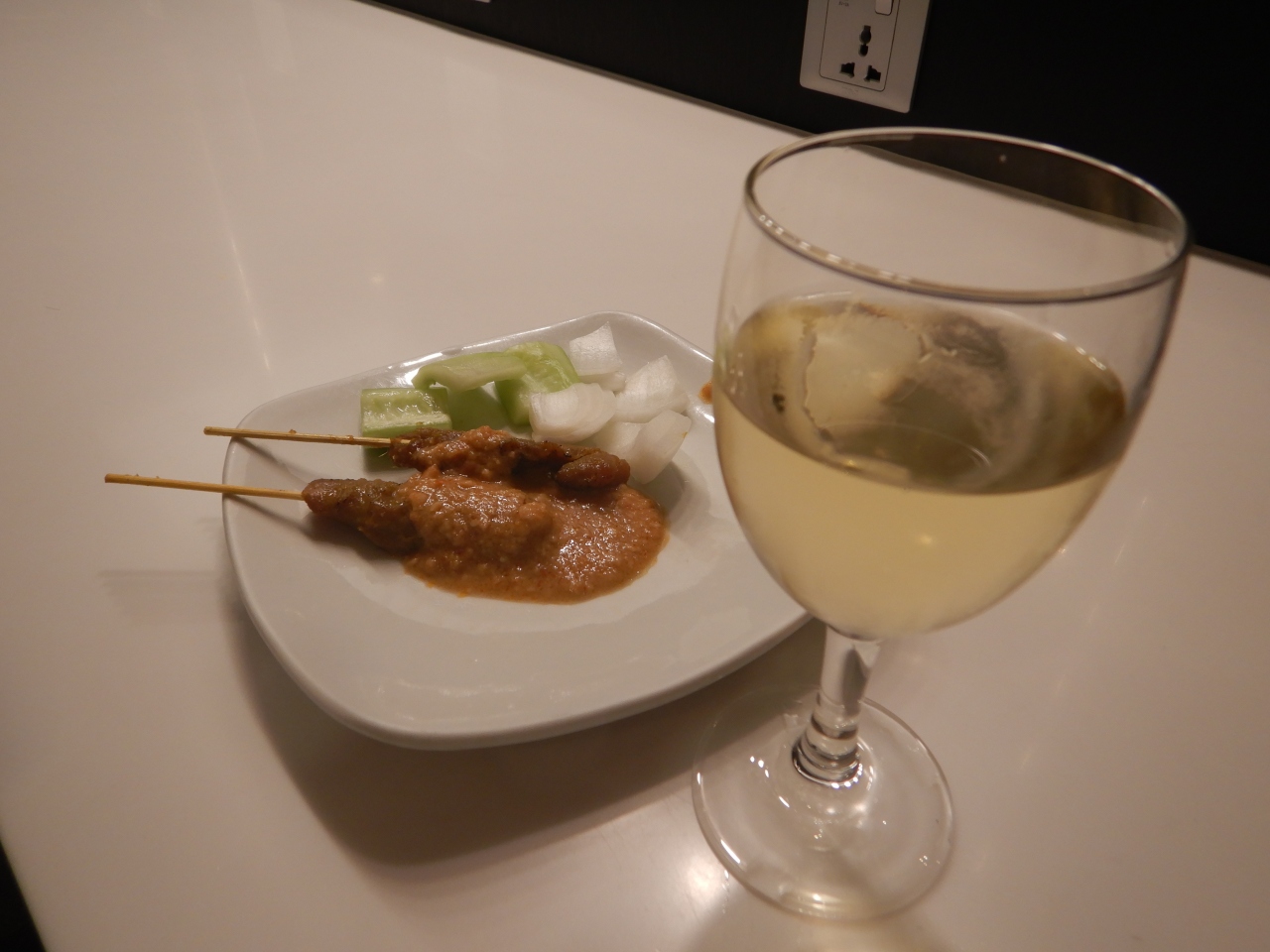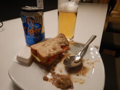 今回もJAL38便、シンガポール発深夜1時50分だ。19時過ぎにラウンジに入り、シャワーを浴びてりして、のんびりと過ごした。5時間近くと長居をしてしまった。料理を適当に取り、ビールを飲む。銘柄はシンガポールのビール、タイガービール。途中でサテをつまみにして、珍しく、ワインを飲んでみた。
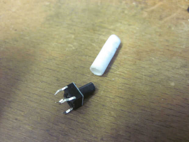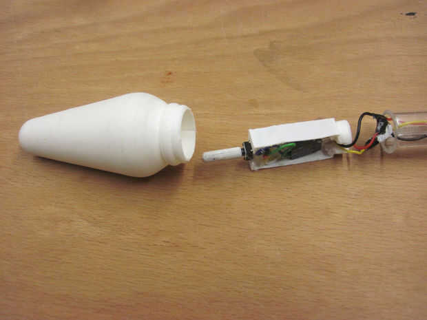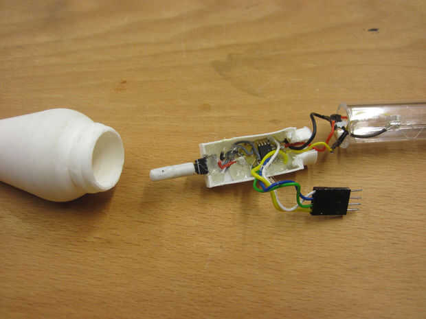 Dentro de una caja pequeña en la punta un attiny se utiliza actualmente como controlador para los LEDs. Nada extravagante, simplemente el ejemplo básico de Adafruit para la enlights de la biblioteca de Neopixel los LEDs. Un botón con una punta pequeña adicional en la parte superior se puede utilizar en el futuro para aclarar la caña cada vez que el palillo golpeó el suelo.
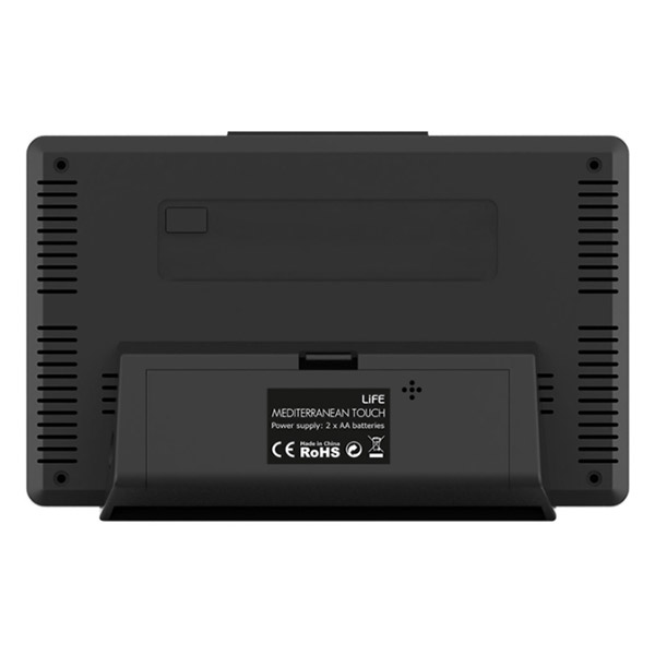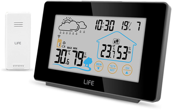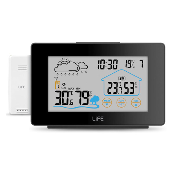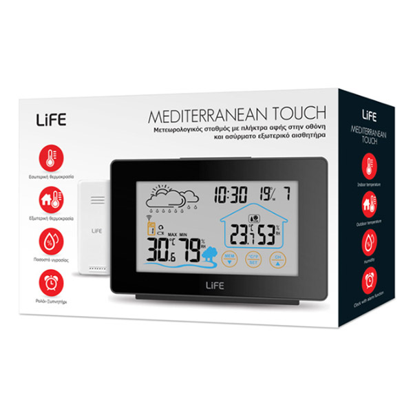Μετεωρολογικός σταθμός με οθόνη LCD 5", πλήκτρα αφής και οπίσθιο λευκό φωτισμό LED, ασύρματη εξωτερική μονάδα και λειτουργία ρολογιού / ξυπνητηριού. Προβάλλει θερμοκρασία εσωτερικού και εξωτερικού χώρου καθώς και υγρασία εσωτερικού / εξωτερικου χώρου. Διαθέτει επιπλέον ένδειξη ημερήσιας υψηλότερης/χαμηλότερης θερμοκρασίας, πρόβλεψη καιρού με γραφική απεικόνιση και ένδειξη ώρας.
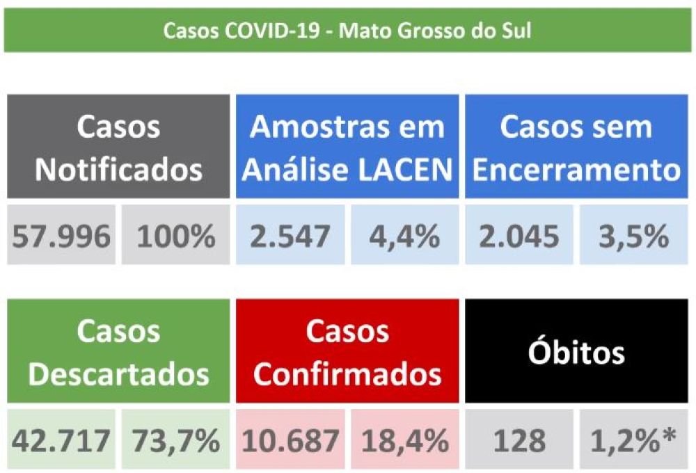Desde o dia 25 de fevereiro, foram registradas 57.996 notificações de casos suspeitos da coronavírus em Mato Grosso do Sul. Destes, 42.717 foram descartados após os exames darem negativo para Covid-19, 21 foram excluídos por não se encaixarem na definição de caso suspeito do Ministério da Saúde, 2.547 exames aguardam resultado do Laboratório Central de Saúde Pública (Lacen) e 2.045 casos foram notificados e não foram encerrados pelos municípios.
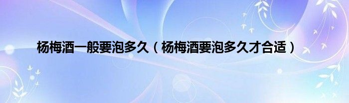 一般杨梅酒要泡一个月左右,一个月左右可以捞出杨梅,时间不要超过三个月。杨梅酒是以新鲜杨梅、冰糖和白酒为原料制成的一种果酒。果香浓郁,口感香甜,保质期比白酒短,一般为6月至1年。
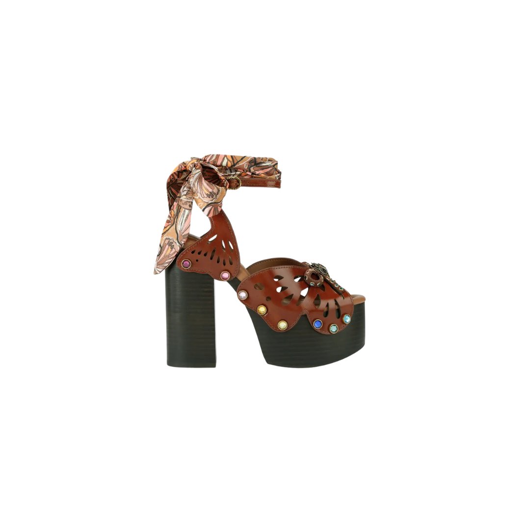 This pair of Butterfly Platform Heels feature a dark brown leather upper with cut outs emulating butterfly wings across the foot that are accented with multi-colour crystals. There is a butterfly satin scarf to wrap around the ankle.
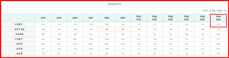 - 수출입물가지수: 최근 24년 6월 기준으로 12.2% 상승
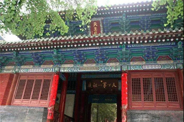 天王殿位于山门后中轴线上,是少林寺常驻院第二进建筑。清雍正十三年为寺院山门。初建于元,明、清多次整修。清雍正十三年(1735年)少林寺大修时,在此殿前另建一山门,原门改称天王殿。1928年被石友三焚毁,仅存月台、殿基、柱础和门槛。
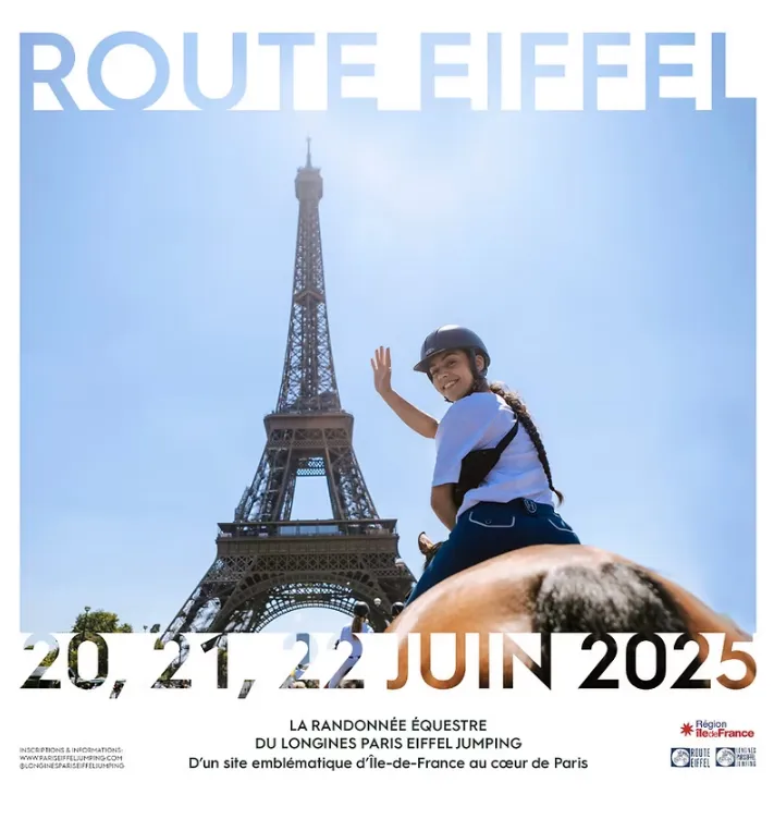 - La Route Eiffel Région Île-de-France, du 20 au 22 juin 2025, qui réserve une découverte de Paris... à cheval aux cavaliers d’un niveau équestre au moins égal au Galop 5 et adeptes d’expériences hors du commun !
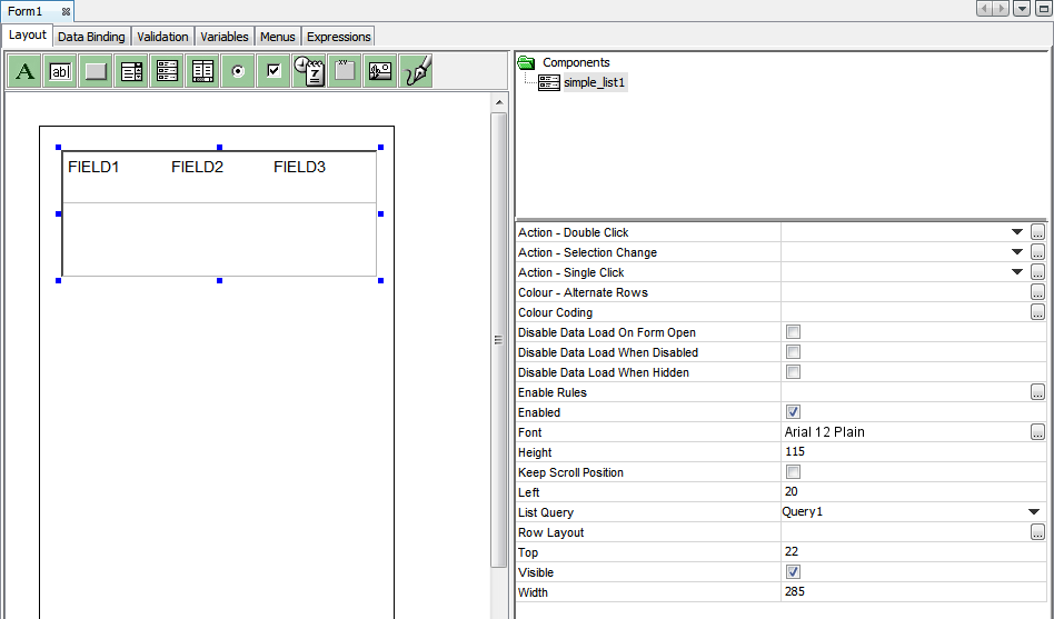 A simple list is fundamentally a listview control with a single column of which layout can be defined by the designer. The behaviour and functionality of the properties listed in the below table are explained in the Listview control section above.
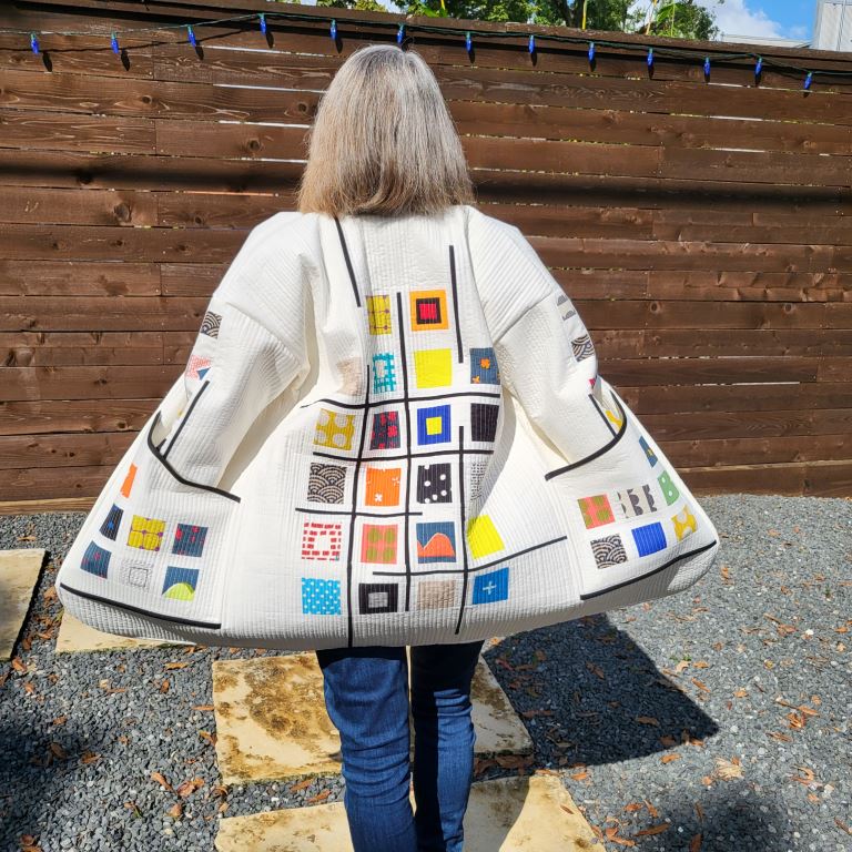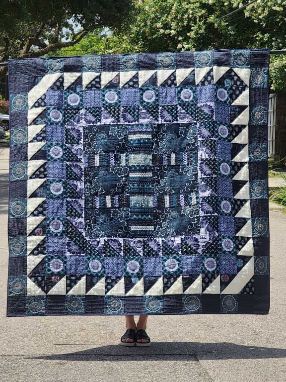 My first love is writing and for the past 9 years I’ve been able to marry that love to my other love, quilting. I am the author of 5 nonfiction books on quilt history, textiles, cotton, indigo, and social justice art. I also write for Quiltfolk and Curated Quilts. In between writing assignments, I quilt, sew, and walk the dog. I make all kinds of quilts and I don’t limit myself to any one style or technique. My quilts are made for the couch, the walls, for gifts, for art, and mostly for my closet shelves. I love the modern aesthetic, but I also sometimes fall back on traditional styles with modern colors. I have a super awesome studio space with several machines and a longarm. But I also do a fair amount of hand embroidery and hand applique. I also sew clothes and leather handbags and totes. Those who know me know I am well versed in Japanese quilts and quilt history, (two of my books are about Japan), so of course I make a lot of my quilts with Japanese fabric. I have a large collection of antique, vintage, and even contemporary Japanese fabric. I also collect antique quilts, which are rapidly filling up what little storage space is left in my house.

#####

* **What the task asks**: Within these entries, output exactly the lines starting at the one with "Desde o dia" and finishing at the one with "- La Route Eiffel". Leave pictures out of the output.

* **Response to the task**:
Desde o dia 25 de fevereiro, foram registradas 57.996 notificações de casos suspeitos da coronavírus em Mato Grosso do Sul. Destes, 42.717 foram descartados após os exames darem negativo para Covid-19, 21 foram excluídos por não se encaixarem na definição de caso suspeito do Ministério da Saúde, 2.547 exames aguardam resultado do Laboratório Central de Saúde Pública (Lacen) e 2.045 casos foram notificados e não foram encerrados pelos municípios.
 一般杨梅酒要泡一个月左右,一个月左右可以捞出杨梅,时间不要超过三个月。杨梅酒是以新鲜杨梅、冰糖和白酒为原料制成的一种果酒。果香浓郁,口感香甜,保质期比白酒短,一般为6月至1年。
 This pair of Butterfly Platform Heels feature a dark brown leather upper with cut outs emulating butterfly wings across the foot that are accented with multi-colour crystals. There is a butterfly satin scarf to wrap around the ankle.
 - 수출입물가지수: 최근 24년 6월 기준으로 12.2% 상승
 天王殿位于山门后中轴线上,是少林寺常驻院第二进建筑。清雍正十三年为寺院山门。初建于元,明、清多次整修。清雍正十三年(1735年)少林寺大修时,在此殿前另建一山门,原门改称天王殿。1928年被石友三焚毁,仅存月台、殿基、柱础和门槛。
 - La Route Eiffel Région Île-de-France, du 20 au 22 juin 2025, qui réserve une découverte de Paris... à cheval aux cavaliers d’un niveau équestre au moins égal au Galop 5 et adeptes d’expériences hors du commun !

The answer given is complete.